Hi!
I have a big number of IPv4 5-tuple rules, every rule corresponds to some action. I need to find all matched rules and perform all tied actions.
The search time greatly affects overall system performance, so I can't just scan all rules. ACL is based on multi-bit tries and provides great performance, so I'm looking for nearly the same performance with the ability to find all matches within a single request. 

ср, 24 нояб. 2021 г. в 18:20, Dmitry Kozlyuk <dmitry.kozliuk@gmail.com>:
2021-11-24 11:06 (UTC+0100), Steffen Weise:
> > Hi folks!
> >
> > I'm using DPDK's ACL library to classify incoming packets by IPv4 5 tuple
> > match (src address, dst address, src port, dst port, protocol). Right now
> > it is possible to find only the best match based on the rule's priority.
> > Is there any way (maybe a custom patch for the ACL library exists?) to
> > find all matches in a single request? Decreased performance and even some
> > false-positive matches are acceptable.
> > It could be a big number of matches so using categories is not an option.
> >
> > Thanks,
> > Dmitriy Stepanov
> > 
>
> Hi,
>
> I have the very same question. Such a mechanism would help me in my
> applications.

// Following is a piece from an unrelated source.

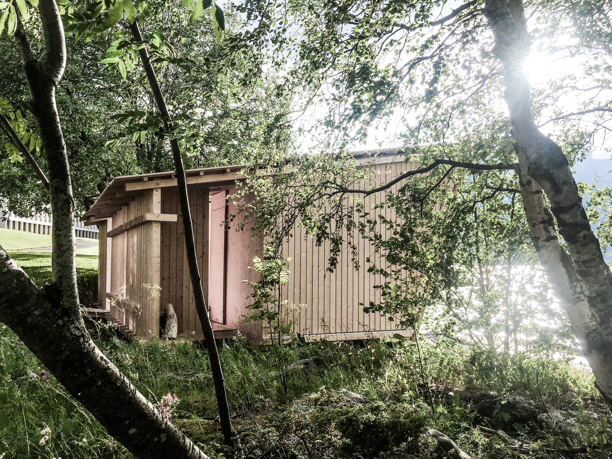 Designing and constructing the sauna is part of a half-year Master course, named AAR4623 and AAR4904 – Topology, Typology and Tectonics. It is initiated by the Department of Architectural Design, History and Technology at the Faculty of Architectural Design and Fine Art at NTNU. The course aims to develop a tectonic and a site- specific approach to architecture. It is about a basic understanding of architecture and about the global environmental and social challenges of our time. The intention is to strengthen the professional skills of the architects, in order to respond to the needs of society today. The American poet Ezra Pound (1885 – 1972) wrote: “Music degenerates if it moves too far away from dance, and poetry shrivels if it becomes too remote from music and song. In the same way, architecture has its own origin, and if it moves too far away from it, it loses its effectiveness. The renewal of an art, means rediscovering its deepest essence.”

Currently I go for lookup on multiple separate tables.
>
> Cheers,
> Steffen Weise

Hi,

I wonder what is the original problem you're solving.

A set of IPv4 5-tuple rules can be viewed as a set of regular expressions:

ACL:    src 1.1.1.0/24 dst 2.2.2.2/32 sport any dport 0x0035 proto tcp
Regex:  ^\x01\x01\x01.\x02\x02\x02\x02..\x00\x35\x06$

Here, "." stands for "any byte".
For masks/ranges not aligned on 8 bits regex ranges can be used, e.g.:

ACL:    sport 100-200
        # this one is easy, just one byte varies
Regex:  \x00[\x64-\xC8]

ACL:    sport 200-300
        # this one is hard, needs an algorithm to transform
        # 200-300 => 200-255,256-300 => 0xC8-0xFF,0x0100-0x012C
Regex:  (?:\x00[\xC8-xFF]|\x01[\x00-\x2C])

ACL:    src 192.0.2.64/26
        # this one is easy, there are also hard examples like above
Regex:  \xC0\x00\x02[\x40-\x7F]

IIUC, you need all matching expressions for every packet,
which is represented as a 4+4+2+2+1 byte "string".
This is exactly what Hyperscan library does, for example:
http://intel.github.io/hyperscan/dev-reference/runtime.html

There is now regexdev in DPDK,
take a look at it, maybe it will suit your needs and HW.